Fast Byte Pair Encoding (BPE) tokenizer with Python bindings powered by PyO3.

Project description

fast-bpe-rs

A high-performance Byte Pair Encoding (BPE) tokenizer written in Rust, with Python bindings.

Why this exists

BPE is at the heart of every major LLM today — GPT, LLaMA, Mistral, and friends all use it to convert raw text into the token sequences the model actually sees. Getting tokenizer training right, and fast, matters.

The standard Python BPE implementations are correct but slow — training on large corpora becomes a real bottleneck. Existing Rust ports are faster by virtue of the language, but most carry over the same naïve O(n·V) algorithm.
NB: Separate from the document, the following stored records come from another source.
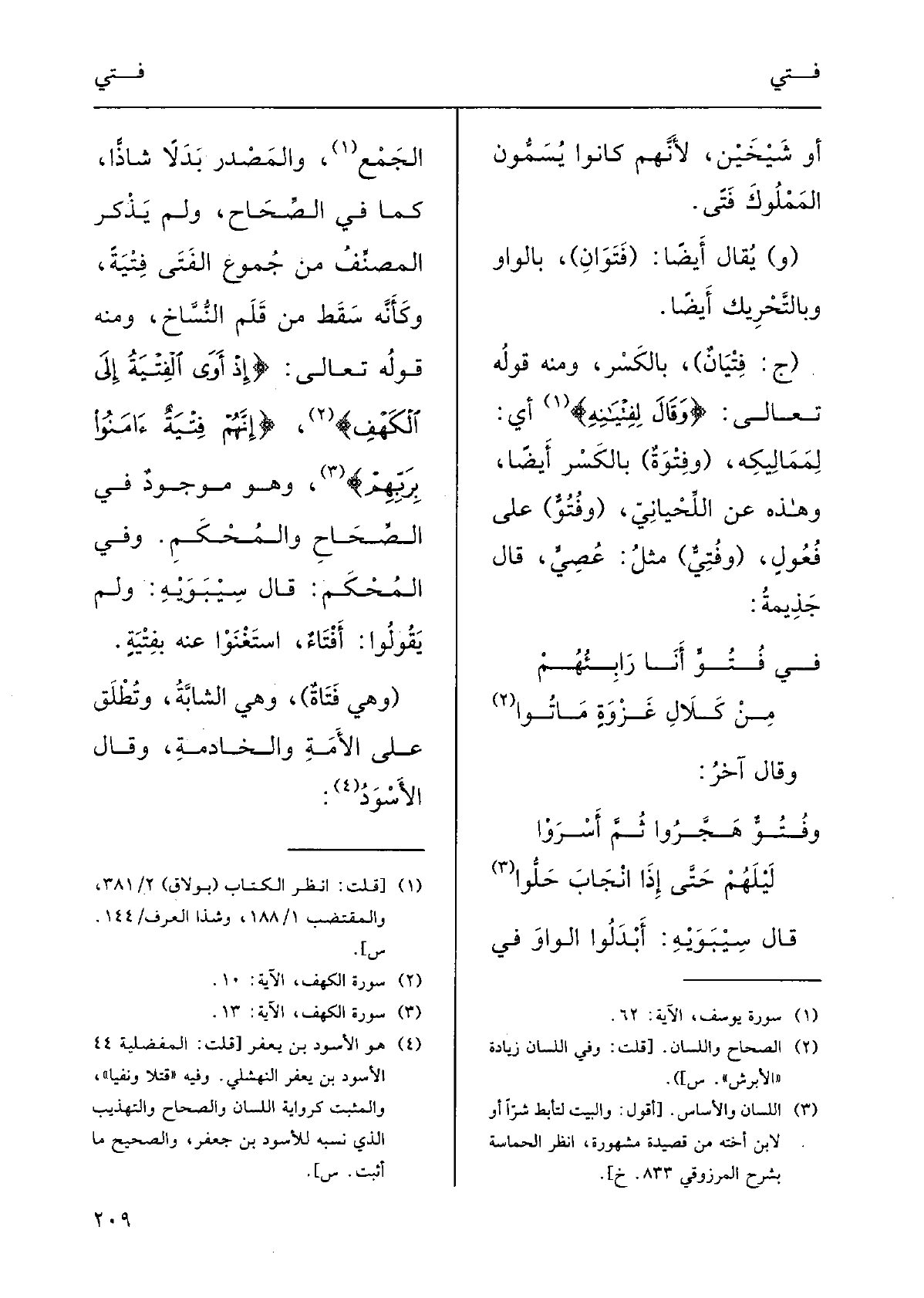 وَلم يَذْكرِ المصنِّفُ مِن جُموعِ الفَتَى فِتْيَة، وكأَنَّه سَقْطٌ من قَلَمِ النسَّاخِ؛ وَمِنْه قولُه تَعَالَى: {إِذا أَوَى {الفِتْيَةُ إِلَى الكَهْفِ} ، {إنَّهم} فِتْيةٌ آمَنُوا بربّهم} ؛ وَهُوَ مَوْجودٌ فِي الصِّحاح والمُحْكم.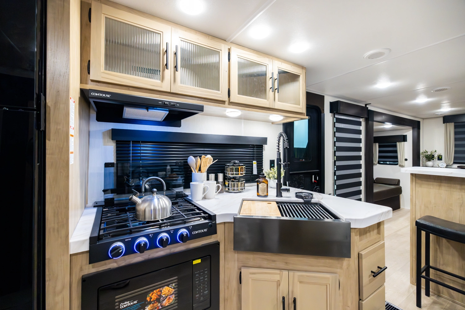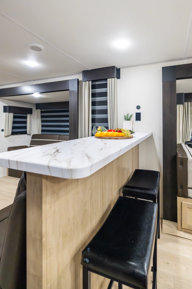 The triple slide is the perfect unit for affordable luxury and livability. The rear entertainment living room is surrounded by panoramic windows as well as two sofa slide and two recliners. The chef’s kitchen, kitchen bar with stools, and dinette slide with slide out drawers and full door pantry offer meet the needs of any chef. The private master suite completes the interior. Outside enjoy the camp kitchen, outside entertainment speakers, and TV bracket under our power awning.
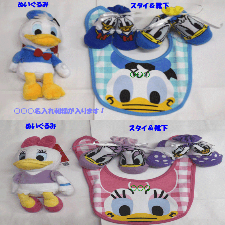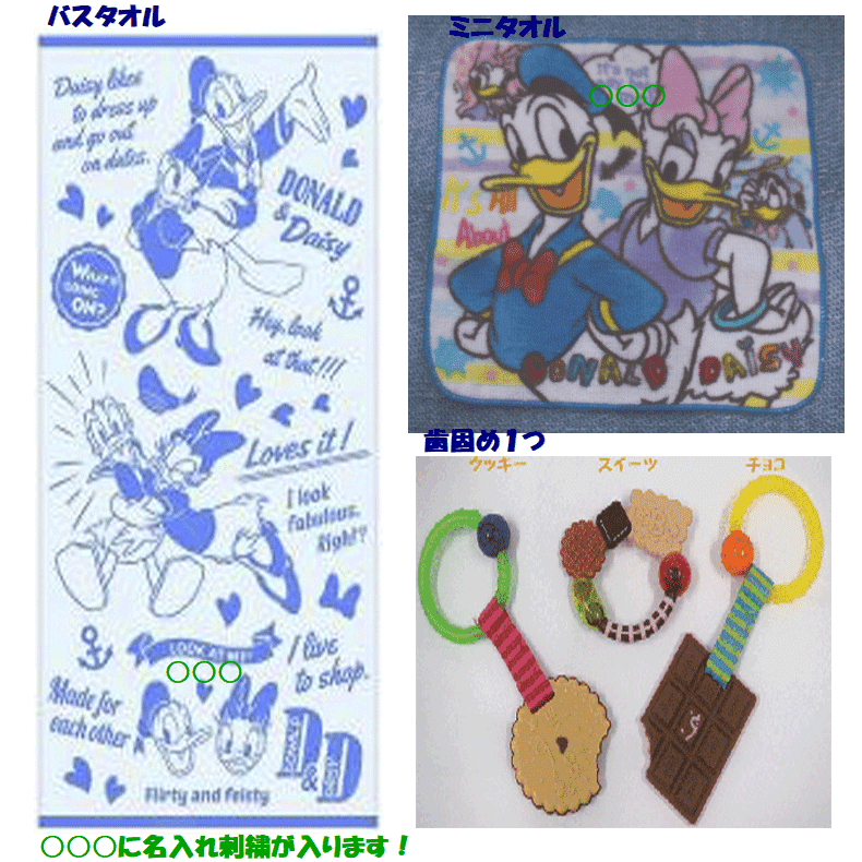 大人気のDisney(ディズニー)からドナルド、デイジーのおむつケーキです!! ミニタオル1枚には名入れ無料です。

This project starts from Rust and rethinks the algorithm itself, using a doubly-linked list to represent token chains and a frequency-indexed BTreeMap to find the next best merge in O(log V) instead of a full scan.

Algorithm improvements

Phase Naïve BPE fast-bpe-rs
Per-merge rescan O(n) O(kᵢ) — only occurrences of merged pair
Max-pair lookup O(V) O(log V) — BTreeMap min
Merge application O(n) O(kᵢ) — in-place linked-list edits
Total training O(n · V) O(Σ kᵢ · log V) ≈ O(n log V)
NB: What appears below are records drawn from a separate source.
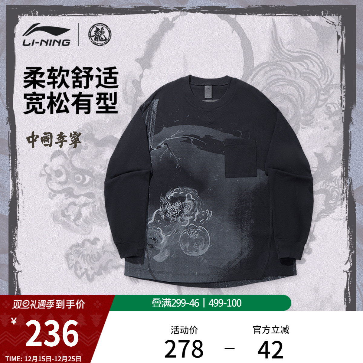 中国李宁长袖T恤男官方新款男装上衣冬季卫衣宽松圆领无帽运动服
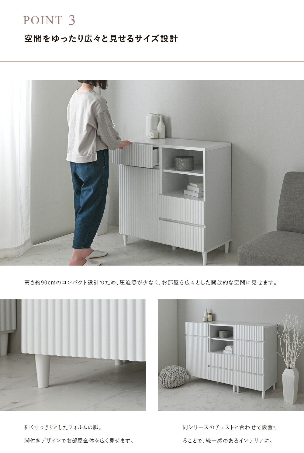 キャビネット 白 おしゃれ 韓国 北欧 木製 幅90 収納 リビングボード 引き出し リビング収納 チェスト デザイン シンプル 大容量 コード穴ホワイト リビング 棚 <alan ALN90-90C> - 通販家具とインテリアの通販 RoomClipショッピング。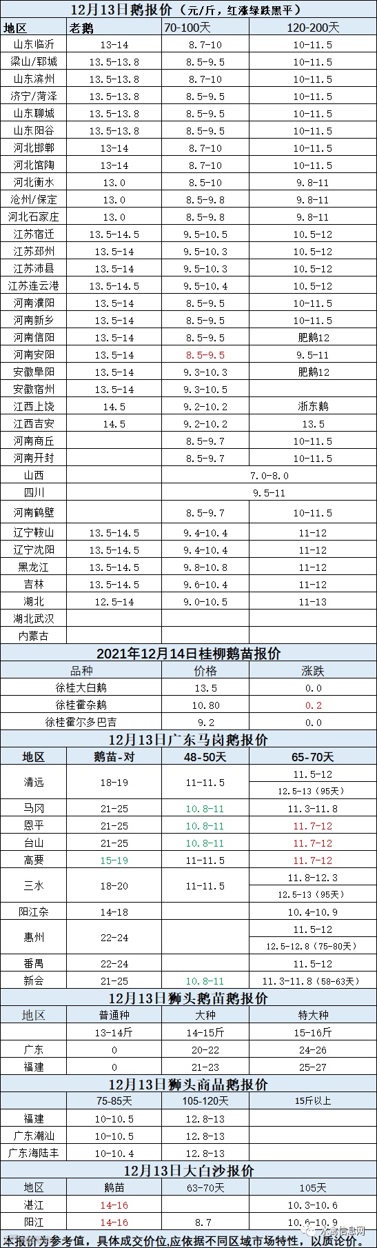 2021年12月13日各品种鹅苗价格

Where n is corpus size, V is vocabulary size, and kᵢ is the number of occurrences of the pair merged at step i.

The key insight: after each merge, only the immediate neighbours of every affected position change. Instead of rescanning the whole corpus, the linked-list structure lets us jump directly to those positions and update counts locally. The BTreeMap keeps pairs ordered by frequency so the next best merge is always at the front.

Results

Benchmarks below use a 5 MB corpus and compare fast-bpe-rs against minbpe and rustbpe. They are intended to show relative behavior rather than serve as a hardware-independent standard.
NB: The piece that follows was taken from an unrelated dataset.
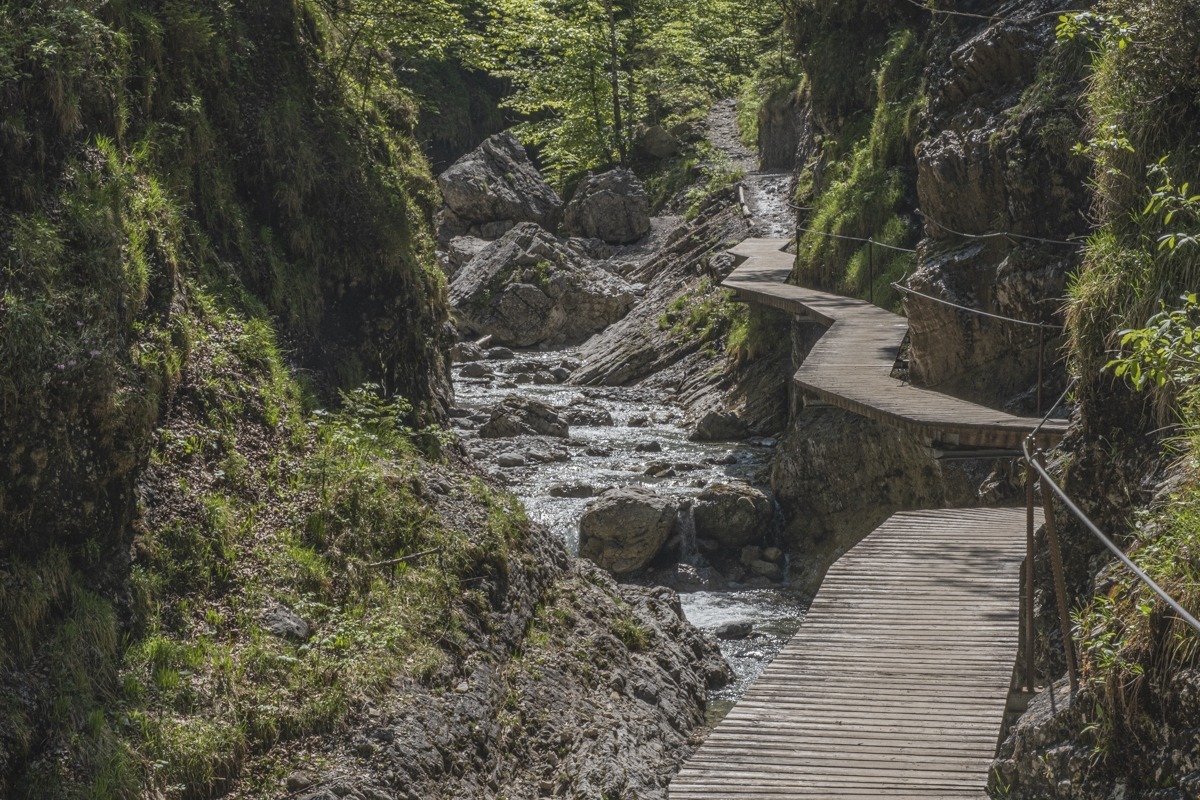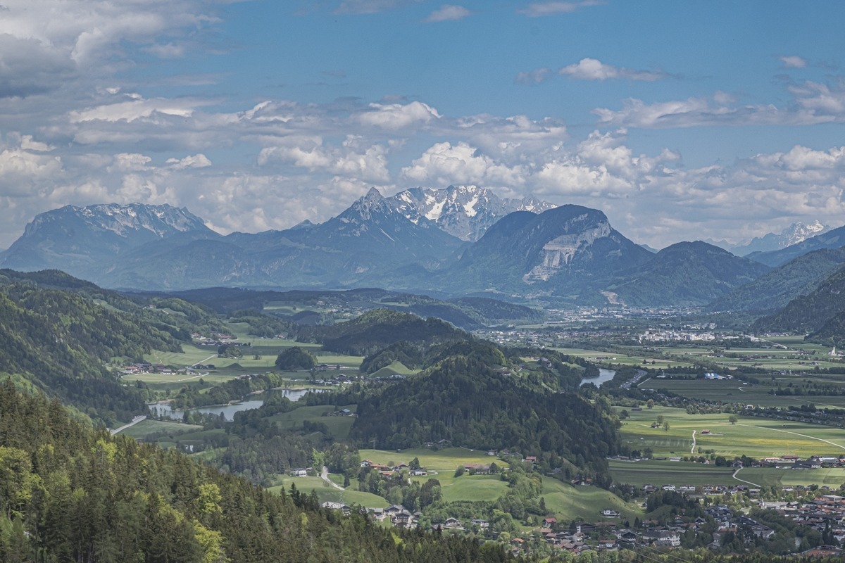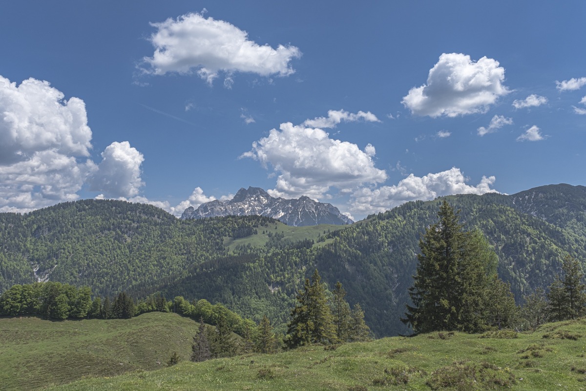 Eine kühle Klamm für einen heißen Tag und anschließend die vorgeschlagene Almenrunde. So ist der Plan. Von dem ausgewiesenen Parkplatz bei Erpfendorf führt ein touristischer Weg (links und rechts ein Zaun) zum Beginn der Klamm, die eher eine breite Schlucht ist. Highlights sind die beiden Hängebrücken und die Bretterwege. Das Ganze mündet in eine sehr breite Forststraße. Nach ca. 1km zeigt rechts der Jägersteig ab. Oberhalb der Angerlalm ist ein kleiner grüner Gupf mit Kreuz. Ich entscheide mich gegen die bewirtschaftete Alm und werde dafür oben mit einer Super-Aussicht belohnt – Kaiser, Unterberghorn, Fellhorn, Steinplatte, Loferer Steinberge. Abgestiegen wird zu einem Teich und weiter zur Huberalm. Geschlossen, so war nicht der Plan. Links unterhalb beginnt dankenswerterweise – ich hatte mit einem Straßenabstieg gerechnet – ein Steig, der bei den Häusern von Erpfendorf endet.

Training (vocab size = 4,096)

System Time (s) Throughput (MB/s) Peak RAM (MB) Speedup vs. minbpe BasicTokenizer
minbpe BasicTokenizer 447.3 0.011 418 1.0×
minbpe RegexTokenizer 583.1 0.009 521 0.77×
rustbpe 25.4 0.197 63 17.6×
fast-bpe-rs 6.0 0.83 48 74.5×

Even on a single thread, fast-bpe-rs is about 4.2× faster than rustbpe in this setup, largely because incremental updates avoid repeating most of the pair-counting work after each merge.

Encoding

Encoding applies the learned merge rules to unseen text from the same 5 MB corpus.

System Time (s) Throughput (MB/s) Peak RAM (MB)
minbpe BasicTokenizer 1.47 3.40 52
minbpe RegexTokenizer 1.82 2.75 67
rustbpe 0.178 28.1 24
fast-bpe-rs 0.120 41.7 19

Decoding

Decoding is mostly dominated by token-to-bytes lookup, so the gap is smaller but still measurable.

System Time (s) Throughput (MB/s) Peak RAM (MB)
minbpe BasicTokenizer 0.391 12.8 38
minbpe RegexTokenizer 0.387 12.9 41
rustbpe 0.057 87.3 16
fast-bpe-rs 0.053 94.2 14

Training throughput vs. vocabulary size

As vocabulary size grows, the benefit of incremental updates becomes more pronounced: the naïve training cost grows roughly linearly with the number of merges, while fast-bpe-rs only updates the neighborhoods touched by each merge.

Vocab size minbpe Regex (MB/s) rustbpe (MB/s) fast-bpe-rs (MB/s) fast-bpe-rs speedup vs. minbpe Regex
1,024 0.038 0.47 1.62 43×
2,048 0.018 0.28 1.12 62×
4,096 0.009 0.197 0.83 92×
8,192 0.004 0.11 0.61 153×

In other words, the advantage widens as the merge schedule gets longer, which matches the asymptotic behavior described above.

Quick start

Installation

pip install fast-bpe-rs

If no prebuilt wheel exists for your platform, pip will compile from source — you'll need a recent Rust toolchain installed.

Train

from fast_bpe_rs import BPE

# The argument is a regex pattern used to pre-split text into chunks.
# r"(?s).+" treats the whole input as one chunk (simplest case).
bpe = BPE(r"(?s).+")

# Learn 258 merges on the given corpus
bpe.train(258, ["low low low low", "lower lower", "newest newest newest"])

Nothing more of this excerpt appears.